▶ [Work item]: With pictures left out, set down exactly the lines from the line containing "Comfortable Timeless Ivory" through the last line of the data.

▶ [Raw data]:
==*==

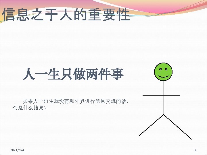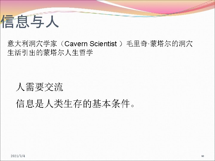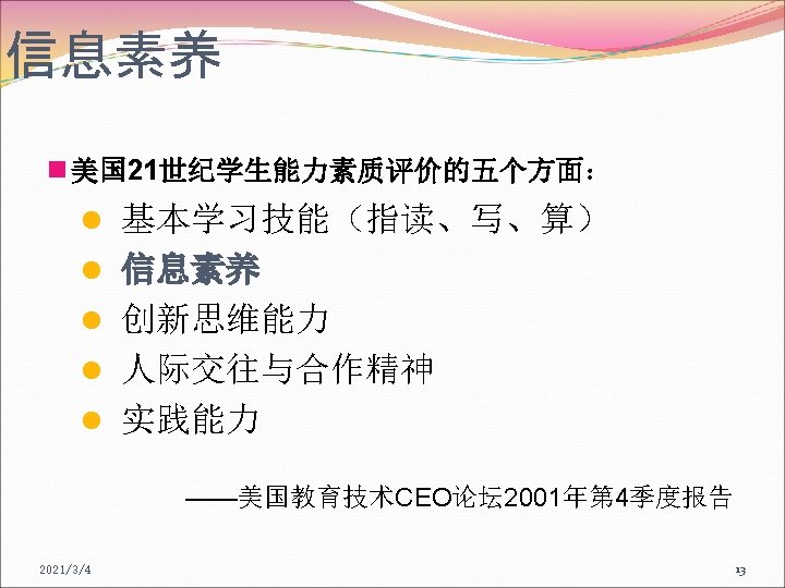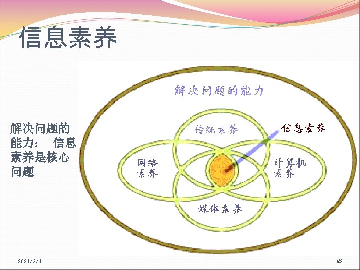 信息素养的概念 信息素养的重要意义(名人名言) I have a simple but strong belief that how you gather, manage and use information will determine whether you will win or lose. ----Bill Gates 2021/3/4 19
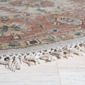 Comfortable Timeless Ivory Hand Knotted Wool Rug. This exquisite roundel presents a luxurious interpretation of classical Oriental motifs, meticulously rendered in soft, durable wool. The central field is dominated by a serene ivory color, providing a neutral yet rich canvas for the intricate botanical elements that define its character.
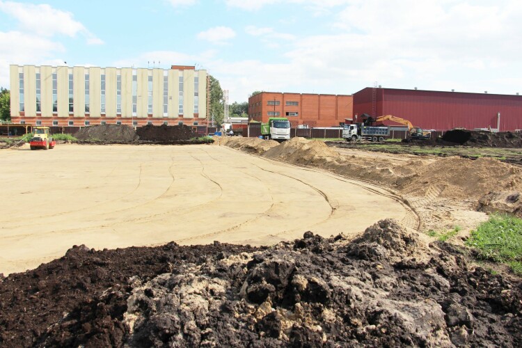 На строительной площадке обустроен бытовой городок, установлен пункт мойки колес автотранспорта, разбиты оси фундаментов, проложены временные технологические дороги, откопаны котлованы фундаментов общим объемом более 6000 куб. метров, заканчиваются работы по устройству песчано-гравийной подготовки с вибрационной трамбовкой основания и контролем его плотности. Значительная часть извлеченного из котлованов торфа передана муниципальным структурам округа для благоустройства школ и детских учреждений.
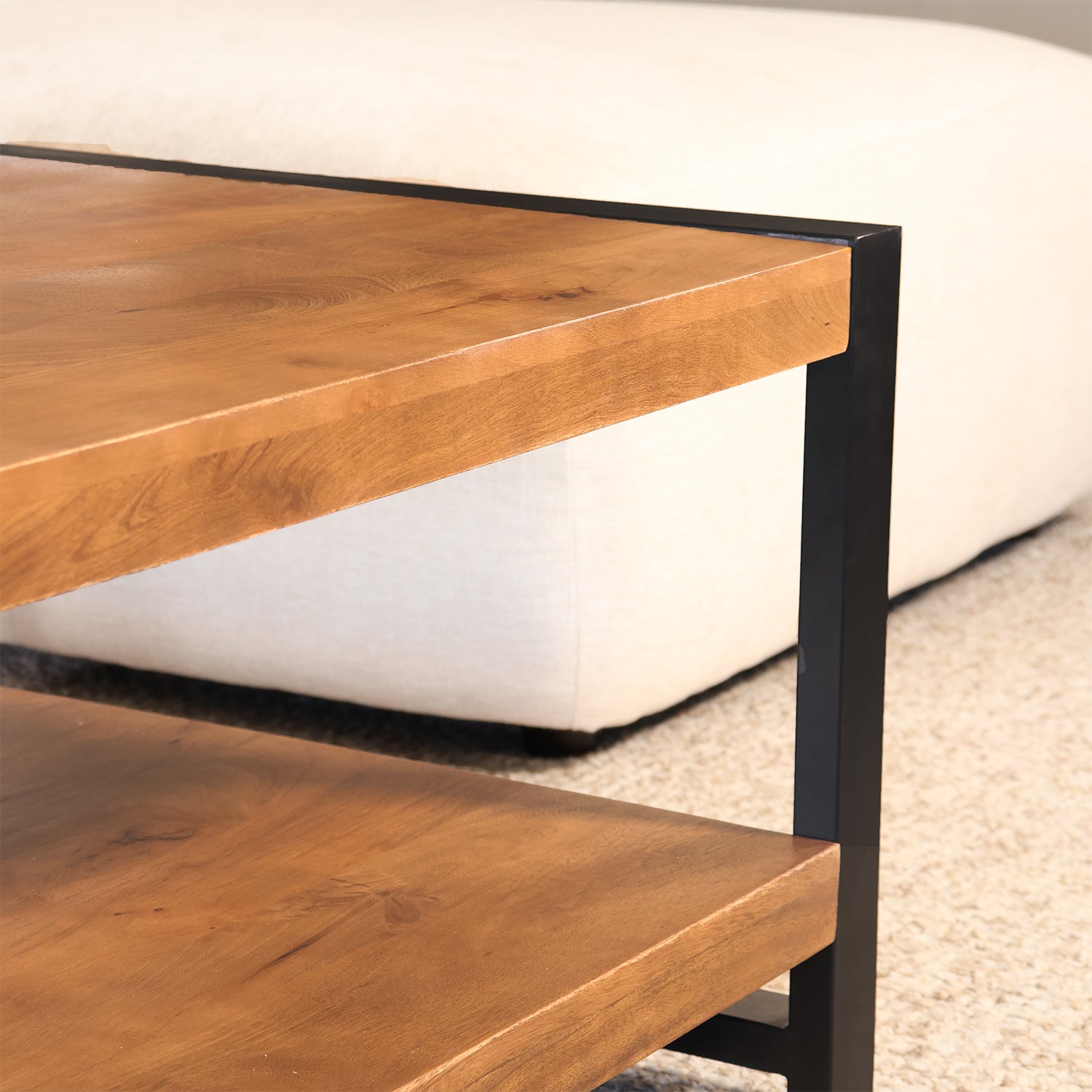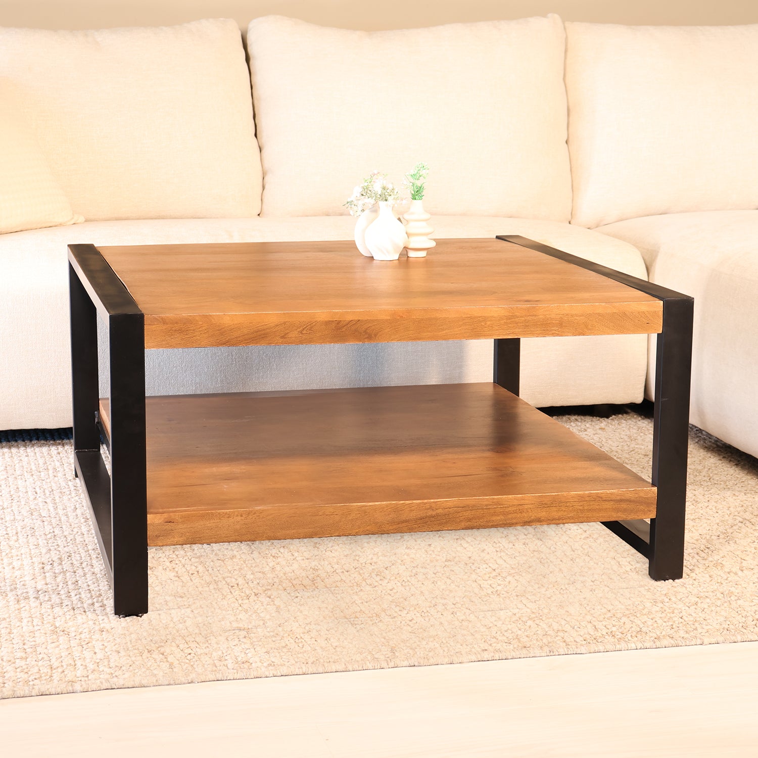 Deze salon tafel heeft een mangohouten blad en een zwart metalen frame. Door de stoere uitstraling en het robuuste frame kun je de salontafel ook als bijzettafel gebruiken!

==*==

▶ [Solution to the exercise]:
 Comfortable Timeless Ivory Hand Knotted Wool Rug. This exquisite roundel presents a luxurious interpretation of classical Oriental motifs, meticulously rendered in soft, durable wool. The central field is dominated by a serene ivory color, providing a neutral yet rich canvas for the intricate botanical elements that define its character.
 На строительной площадке обустроен бытовой городок, установлен пункт мойки колес автотранспорта, разбиты оси фундаментов, проложены временные технологические дороги, откопаны котлованы фундаментов общим объемом более 6000 куб. метров, заканчиваются работы по устройству песчано-гравийной подготовки с вибрационной трамбовкой основания и контролем его плотности. Значительная часть извлеченного из котлованов торфа передана муниципальным структурам округа для благоустройства школ и детских учреждений.
 Deze salon tafel heeft een mangohouten blad en een zwart metalen frame. Door de stoere uitstraling en het robuuste frame kun je de salontafel ook als bijzettafel gebruiken!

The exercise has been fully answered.